Here is one way that this is stated (my parenthetical):
Plurality is, scientifically, the application of an analogous perspective (to that of the complexity/emergence/network/collective intelligence paradigms) to the understanding of human societies and, technologically, the attempt to build formal information and governance systems that account for and resemble these structures as physical technologies built on plural science
There is an extended discussion of Granovetter and network sociology themes, which is contrasted with the methodological individualism of economics. Interestingly, “science of science” is aligned with the former.
I have a lot of thoughts on this section that I need to process more. One thing that I would like to see more of here is a connection with how STS scholars think about knowledge and expertise as a governing technology/institution in society. Thus when thinking about “plural” (social) science, the goal should not be just to integrate e.g. more network science considerations into economic modeling, while retaining the rest of the technocratic knowledge-making aparatus as is; instead, I think it should be more about how to pluralize/democratize the tools and systems of knowledge making, and thinking about how to mediate between different modes of knowing – e.g. as I’ve discussed a bit here. I think this idea is also present more abstractly e.g. in Latour and others.
Note: I am reading as of this commit on the project. This section seems to be still under development.

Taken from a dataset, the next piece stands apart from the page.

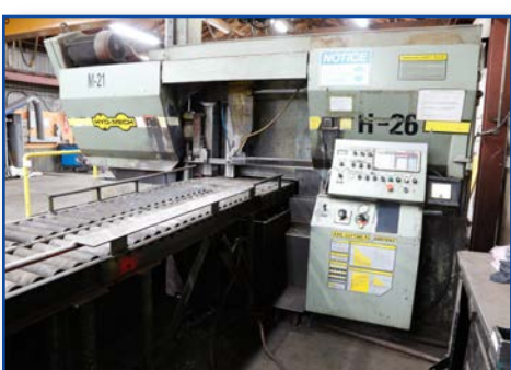
HYD-MECH H-26 AUTO. BAND SAW

Here is a key motivating claim at the outset of the chapter:
Liberal democracies often celebrate themselves as pluralistic societies, which would seem to indicate they have already drawn the available lessons from plural social science. Yet despite this formal commitment to pluralism and democracy, almost every country has been forced by the limits of available information systems to homogenize and simplify social institutions in a monist atomist mold that runs into direct conflict with its values.
Importantly, this is a claim about technologies and social institutions: that the limits of our existing information systems render our social institutions insufficiently supportive of the pluralism that we seek in liberal democracy. The goal of the research program is then to overcome these limitations and bring information technology into better alignment with the goals of pluralism.
Key features of liberal democracy that they are going to focus on: private property, identity and rights, voting. The basic claim is that these institutions are all too much based on “monist atomist” type principles.
This bit looks to be still in development. Here’s a bit from later on:
Where once commons-based property systems inhibited innovation when outsiders and industrialists found it impossible to navigate a thicket of local customs, private property cleared a path to development and trade by reducing those who could inhibit change
This reminds me of another piece from an STS course along the lines of Seeing Like a State, but it’s not by Scott. The idea is similar though, about the imposition of systems of private property and capital by colonialists. More critical perspective than this one.
Not sure about the story they tell here. Would be interesting to connect this narrative more to STS folks – Porter, and Scott especially. I feel like this section especially should be peppered with Scott citations. And it makes me want to re-read Seeing Like A State in more depth.
Here’s the main piece:
These documentary practices mean that some aspect of identity could be rooted outside of direct personal relations and into new abstrct relationship with the state based on primary registration at birth and secondary registration with subsequent documents usually issued in early adulthood. These state issued documents serve as foundational trust anchors for many other types of institutions
Thesis is that these forms of identity abstract people. Identity not based in (kin-, relationship-)based networks that are personally meaningful; instead abstracted identity that is really about the relationship with the state.
Interesting that so much of the argument for why we should move away from this seems to center on “how things were done through most of history” – a kind of appeal to tradition argument. Seems like fleshing out the critique here would be productive (Scott cites could probably help). In any case, what is the new direction they propose?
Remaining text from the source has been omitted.